**EXTRACTED INFORMATION**
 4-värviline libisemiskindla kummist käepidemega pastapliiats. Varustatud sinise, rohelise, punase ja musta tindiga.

* * *

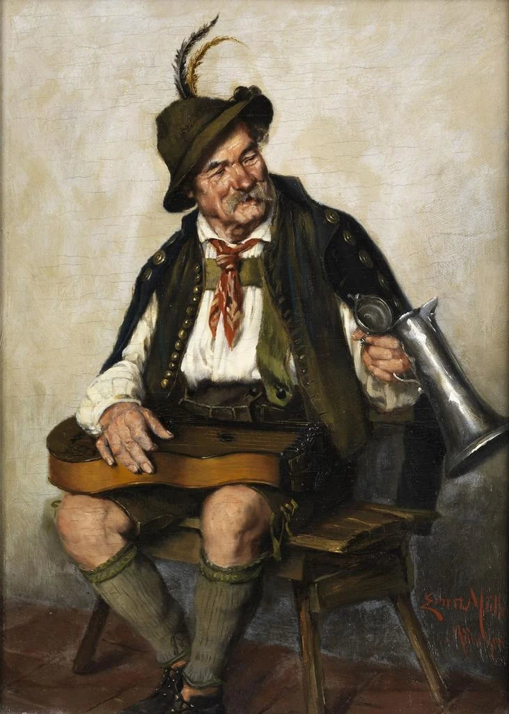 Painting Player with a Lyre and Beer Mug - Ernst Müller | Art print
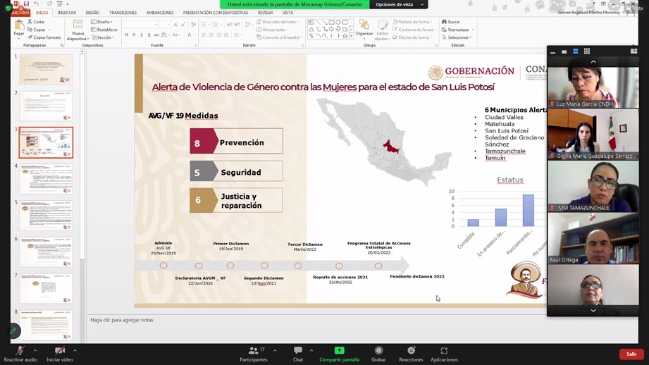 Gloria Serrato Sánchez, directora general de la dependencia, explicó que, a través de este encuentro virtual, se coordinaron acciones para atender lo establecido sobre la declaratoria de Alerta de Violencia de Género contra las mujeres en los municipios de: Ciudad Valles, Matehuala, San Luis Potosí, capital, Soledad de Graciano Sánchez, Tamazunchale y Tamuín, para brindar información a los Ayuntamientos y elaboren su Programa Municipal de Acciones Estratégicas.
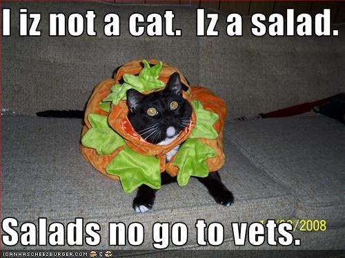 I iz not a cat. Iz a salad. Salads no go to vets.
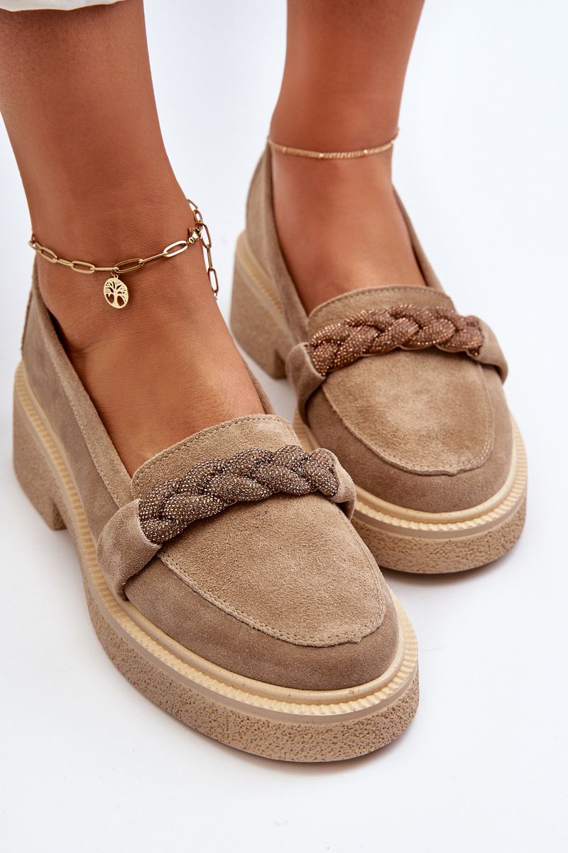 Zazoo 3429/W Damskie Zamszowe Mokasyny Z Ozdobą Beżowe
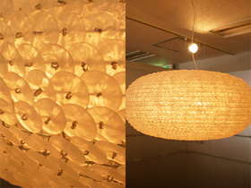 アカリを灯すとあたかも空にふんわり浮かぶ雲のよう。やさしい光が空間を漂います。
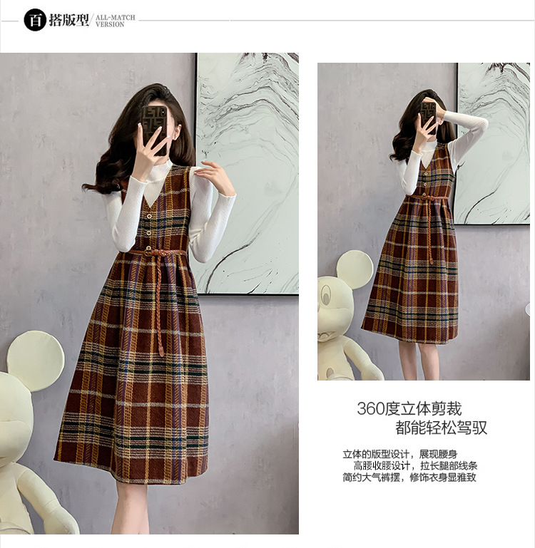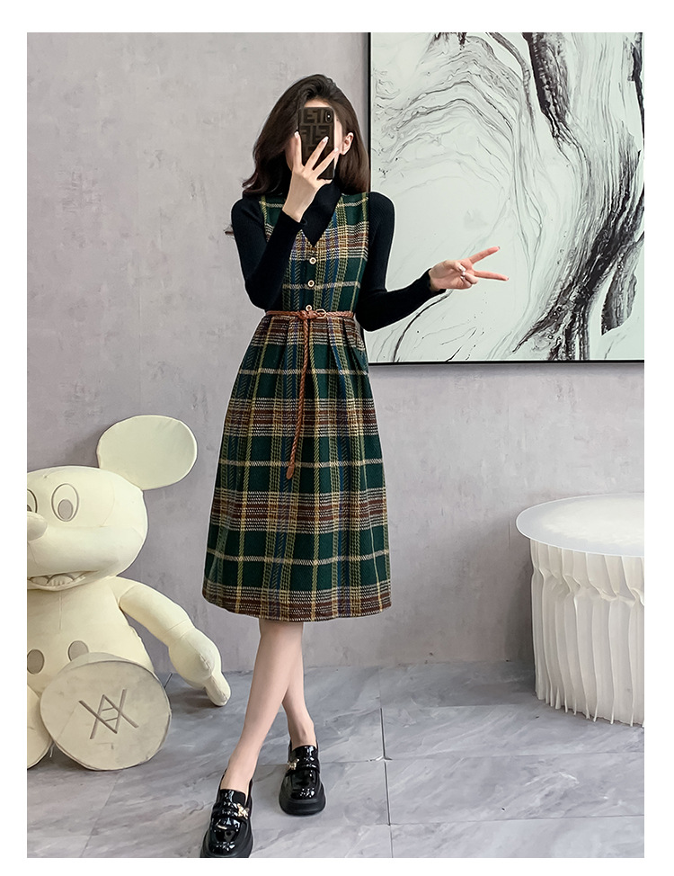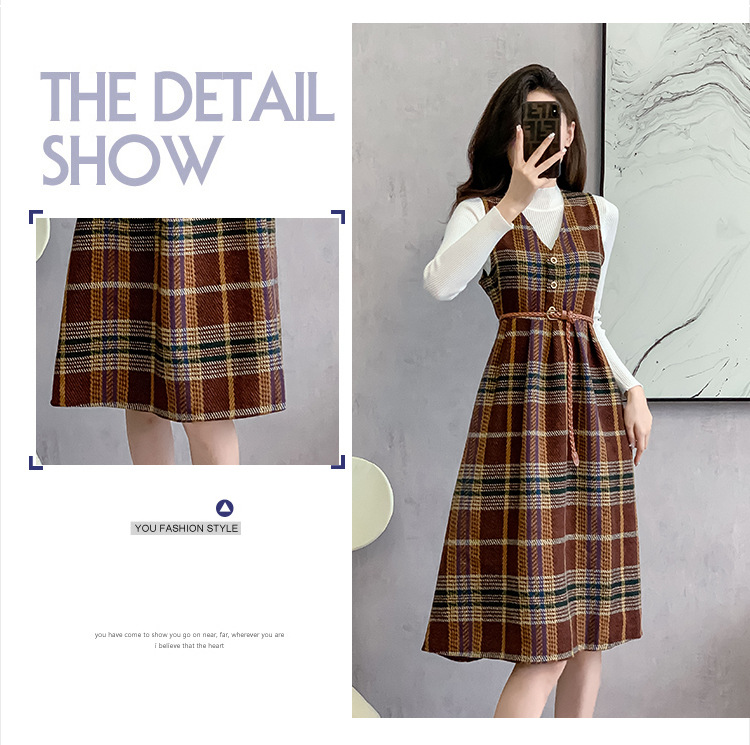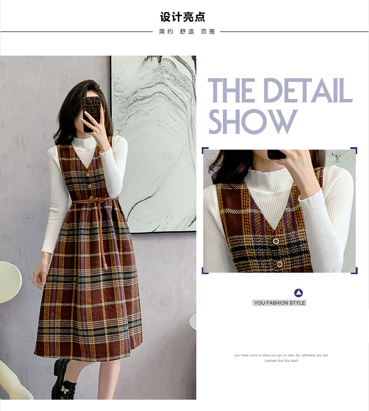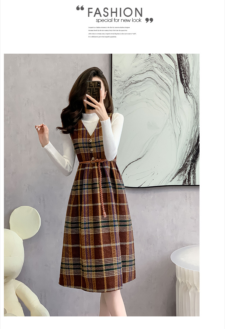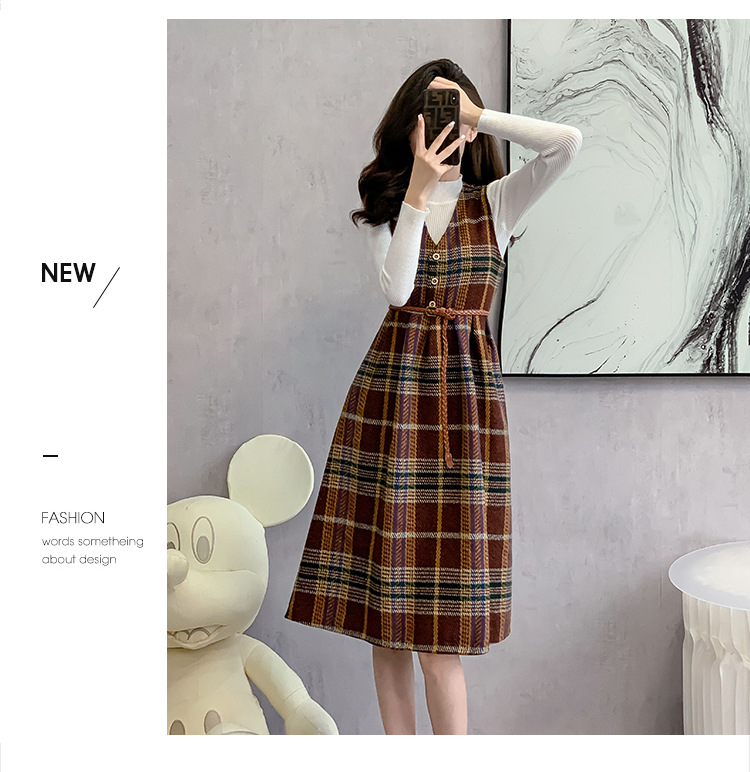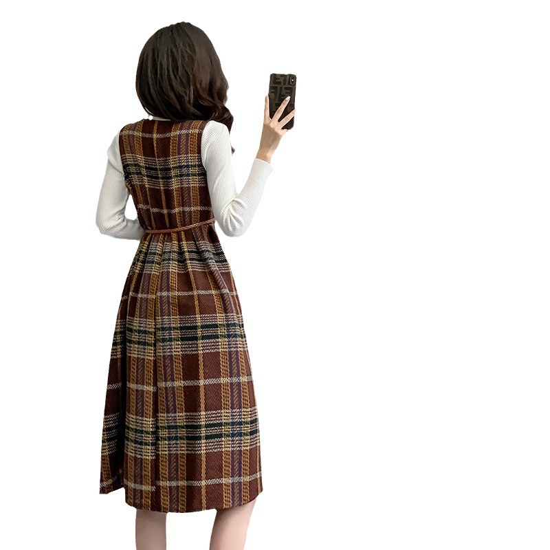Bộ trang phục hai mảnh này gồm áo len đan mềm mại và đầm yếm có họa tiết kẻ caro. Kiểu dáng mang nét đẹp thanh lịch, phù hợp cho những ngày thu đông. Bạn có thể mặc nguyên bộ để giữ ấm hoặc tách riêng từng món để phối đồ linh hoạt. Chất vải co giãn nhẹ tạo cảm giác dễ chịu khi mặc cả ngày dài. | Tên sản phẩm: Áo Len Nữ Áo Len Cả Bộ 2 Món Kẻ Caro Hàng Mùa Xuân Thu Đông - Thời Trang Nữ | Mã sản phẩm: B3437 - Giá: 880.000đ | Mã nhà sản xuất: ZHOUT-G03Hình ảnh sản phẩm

--

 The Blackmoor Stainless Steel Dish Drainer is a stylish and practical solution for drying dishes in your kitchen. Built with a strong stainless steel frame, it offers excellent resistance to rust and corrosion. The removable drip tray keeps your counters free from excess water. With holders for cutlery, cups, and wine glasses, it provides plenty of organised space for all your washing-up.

**TASK TO COMPLETE**
For this exercise, transcribe exactly the part of the records above that opens with the line containing "Zazoo 3429/W Damskie" and closes with the one containing "Bộ trang phục". Pictures are not part of the copy.

**ANSWER TO THE PROBLEM**
 Zazoo 3429/W Damskie Zamszowe Mokasyny Z Ozdobą Beżowe
 アカリを灯すとあたかも空にふんわり浮かぶ雲のよう。やさしい光が空間を漂います。
Bộ trang phục hai mảnh này gồm áo len đan mềm mại và đầm yếm có họa tiết kẻ caro. Kiểu dáng mang nét đẹp thanh lịch, phù hợp cho những ngày thu đông. Bạn có thể mặc nguyên bộ để giữ ấm hoặc tách riêng từng món để phối đồ linh hoạt. Chất vải co giãn nhẹ tạo cảm giác dễ chịu khi mặc cả ngày dài. | Tên sản phẩm: Áo Len Nữ Áo Len Cả Bộ 2 Món Kẻ Caro Hàng Mùa Xuân Thu Đông - Thời Trang Nữ | Mã sản phẩm: B3437 - Giá: 880.000đ | Mã nhà sản xuất: ZHOUT-G03Hình ảnh sản phẩm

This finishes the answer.